Mark Carpentier (born 10 February 1973) is a Belgian DJ and record producer who performs under the name Mark With a K. He produces performs music within the hard dance music genre. He has performed at some major hard dance events in Europe.

Mark With A K released his first record "Pure Perfection" with Danny C on db Sounds in 2003. He continued to release his music on various labels including Zoo Records, Digidance and BS2. In 2012, Mark With A K founded his own record label named Noize Junky which is a platform for hard dance music, specifically jumpstyle and tek.
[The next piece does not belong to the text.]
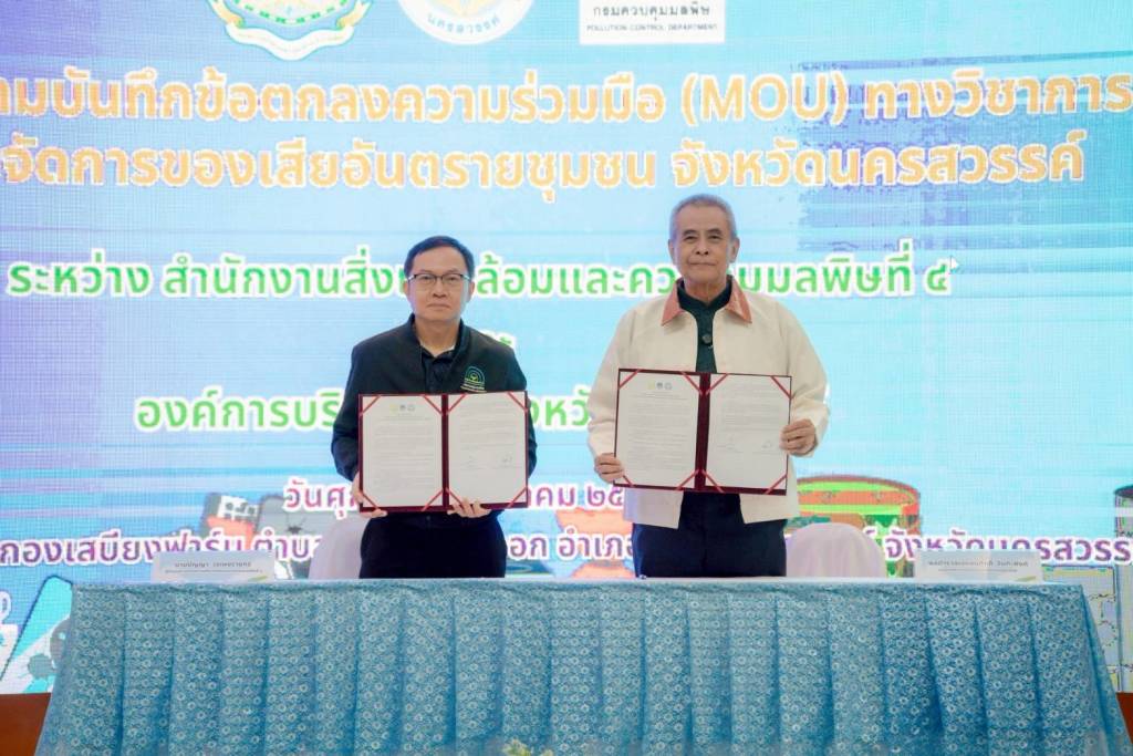 โดยมี นางสุดฤทัย เลาสุขศรี รองนายก อบจ.นครสวรรค์ พร้อมด้วย ร้อยตำรวจโท พิทักษ์ พันธ์งิ้ว, นายโสพล โอทาตะ เลขานุการนายก อบจ.นครสวรรค์ นางณภัทร สื่อสุนทรานนท์ ปลัด อบจ.นครสวรรค์ สิบเอก พิทยา นาคกุญชร รองปลัด อบจ.นครสวรรค์ และนายสันติ จันทร์เผิบ ผู้ทรงคุณวุฒิ อบจ.นครสวรรค์ เข้าร่วมในพิธีเปิด การจัดอบรมในครั้งนี้มีวัตถุประสงค์เพื่อเสริมสร้างความรู้ ความเข้าใจ และยกระดับศักยภาพให้แก่เจ้าหน้าที่องค์กรปกครองส่วนท้องถิ่นและหน่วยงานที่เกี่ยวข้อง ในการบริหารจัดการของเสียอันตรายชุมชน ซากผลิตภัณฑ์เครื่องใช้ไฟฟ้า และอุปกรณ์อิเล็กทรอนิกส์ ตั้งแต่กระบวนการคัดแยก เก็บรวบรวม ขนส่ง ตลอดจนการบำบัดและกำจัดอย่างถูกต้องตามหลักวิชาการและกฎหมายที่เกี่ยวข้อง มีการบรรยายให้ความรู้เกี่ยวกับสถานการณ์การจัดการของเสียอันตรายชุมชนในจังหวัดนครสวรรค์ โดยวิทยากรจากกองสาธารณสุข อบจ.นครสวรรค์ รวมถึงการถ่ายทอดแนวทางปฏิบัติที่ดี มาตรฐานสถานที่และภาชนะกักเก็บของเสียอันตราย ตลอดจนแนวทางการดำเนินงานตั้งแต่ต้นทาง กลางทาง และปลายทาง โดยวิทยากรจากกรมควบคุมมลพิษ และบริษัทเอกชนผู้รับบำบัดและกำจัดของเสียอันตรายจากชุมชน นอกจากนี้ ยังมีการลงนามบันทึกข้อตกลงความร่วมมือ (MOU) ทางวิชาการ ระหว่างองค์การบริหารส่วนจังหวัดนครสวรรค์ และสำนักงานสิ่งแวดล้อมและควบคุมมลพิษที่ 4 เพื่อบูรณาการความร่วมมือในการพัฒนาระบบการจัดการของเสียอันตรายชุมชนให้มีประสิทธิภาพ ลดผลกระทบต่อสิ่งแวดล้อม และยกระดับคุณภาพชีวิตของประชาชนในพื้นที่อย่างยั่งยืน นายก อบจ.นครสวรรค์ เน้นย้ำว่า "การจัดการขยะอันตรายต้องทำอย่างถูกต้องและต่อเนื่อง ปัจจุบันการเก็บขยะอันตรายปีละ 1 ครั้งยังไม่เพียงพอ ควรปรับเป็นการเก็บทุกเดือน เพื่อป้องกันไม่ให้ขยะอันตรายปะปนในบ่อขยะ ซึ่งอาจส่งผลกระทบต่อแหล่งน้ำบาดาลและสุขภาพของประชาชน โดยขยะอันตรายเป็นเรื่องสำคัญที่ทุกภาคส่วนต้องตระหนักและร่วมกันจัดการอย่างจริงจัง"

Mark With A K has released five solo albums over his musical career, his first album "My World" was released in 2009, his second "Harder" was released in 2010, his third album "Roll With Me" was released in 2011 and his fourth album, "The Next Level" came out in 2013. His fifth album called "Mass Hysteria" came out in 2018. Apart from his solo releases, Mark With A K has collaborated with other artists within the hard dance genre such as Chris Willis, MC Chucky, Akyra, Ruthless, DJ Coone, Dark-E and Davoodi.

Besides his performances as Mark With A K, Mark is also part of two music groups: Highstreet Allstars and Lords of TEK which also perform hard dance music.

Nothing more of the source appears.